AI coding tools are optimising the wrong thing and nobody wants to hear it. Writing code was already fast. The bottleneck is everything else: unclear requirements, review queues, terrified deploy cultures, and an org chart that needs six meetings to decide what colour the button should be.



… am i alone in reading this and getting that queasy twinge in the back of my mind that “hey this writing feels like it has some LLM-like patterns…”
Something in the formatting. Something in the phrasing. Something in the “It’s not x. It’s y.”
At least it’s not full of emdashes, and the phrase “let’s unpack this” makes no appearances.
i wish the tsunami of slop hadn’t made me so damn paranoid -_-
Argh, you’re right, I’m sorry. I’ll delete this post.
Yeah, I share your unease. There have been a few times where I’ve gotten this vibe from some writing and later found out that it likely isn’t LLM generated text, but it’s always striking to me how this doesn’t ease that uncomfortable feeling — because the thing I’m actually uncomfortable about is how the prevalence of slop has made me so paranoid.

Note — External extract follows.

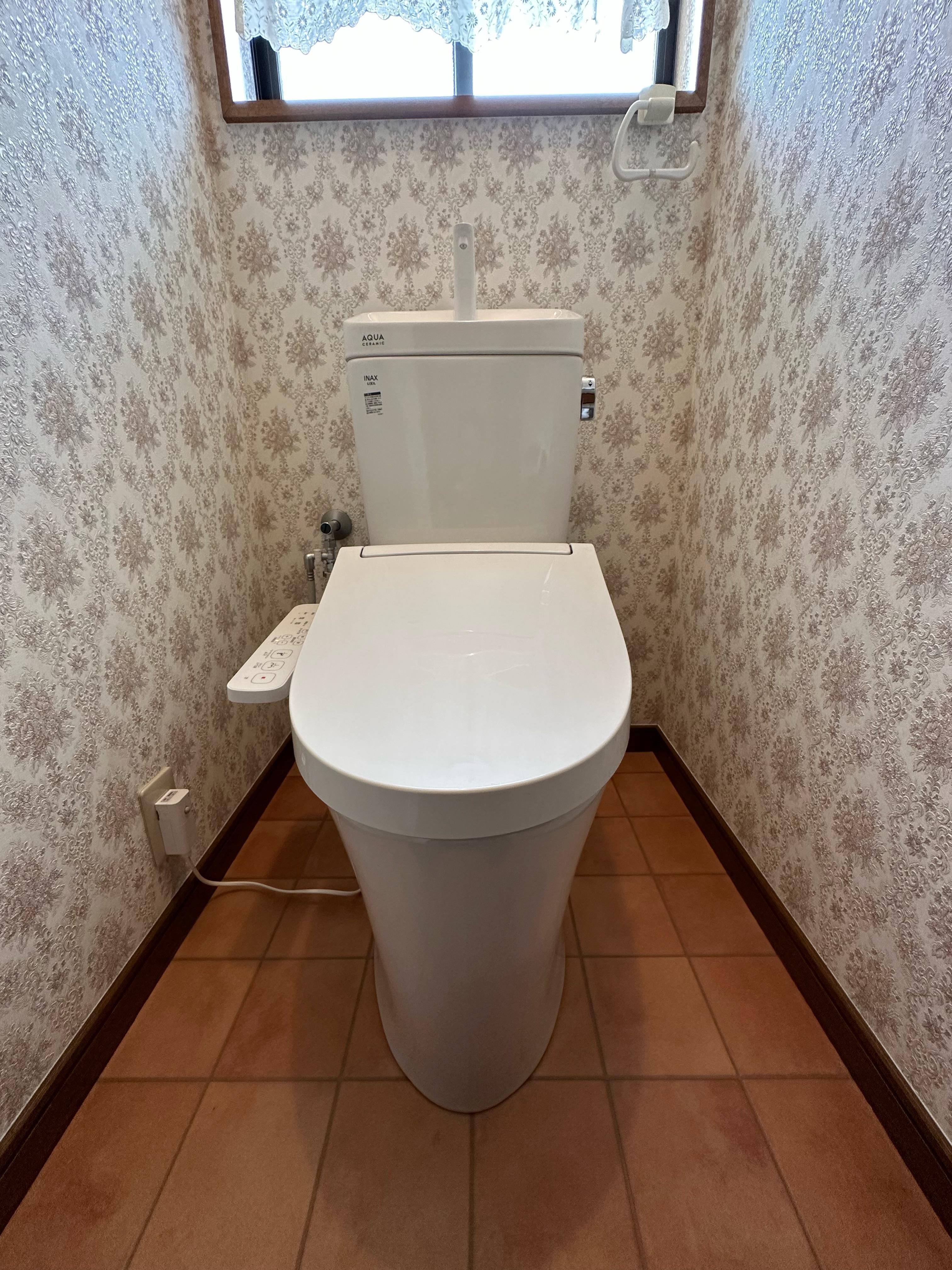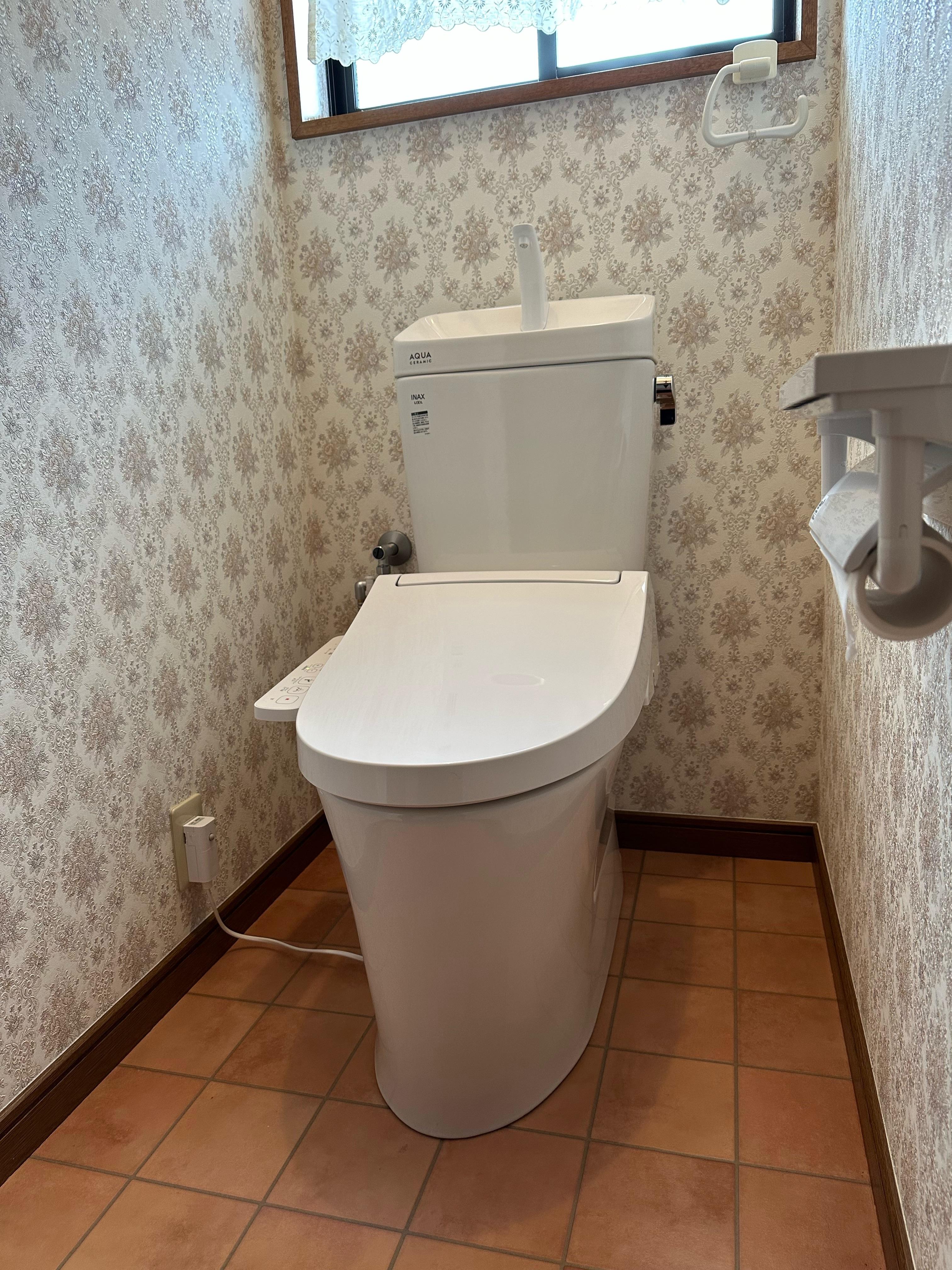 アメージュ便器への交換と同時にクロス・クッションフロアの張替えもいたしました。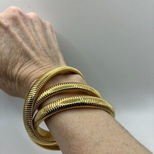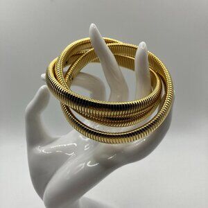 Gold Stainless Steel Interlocking Bracelet Chunky Stretch Golden 3 Bracelets

If I’m hyper vigilant about avoiding spending energy reading synthetic text, then I risk unduly dismissing something that someone put real time and energy into writing. But if I’m not cautious enough, I risk wasting my own time and energy engaging with content I’d rather ignore. It sucks to be forced into this position
yeah, it’s ai slop complaining about ai slop
I also got LLM vibes. However, some humans do just genuinely write like that. It’s particularly an issue with ESL speakers getting caught in false positives, although this author seems to be a white Australian guy who is probably a native English speaker.
I suppose if you were really bothered you could go back and look at his writing before the dawn of the vibes and see if his writing style is about the same. I don’t care enough to check.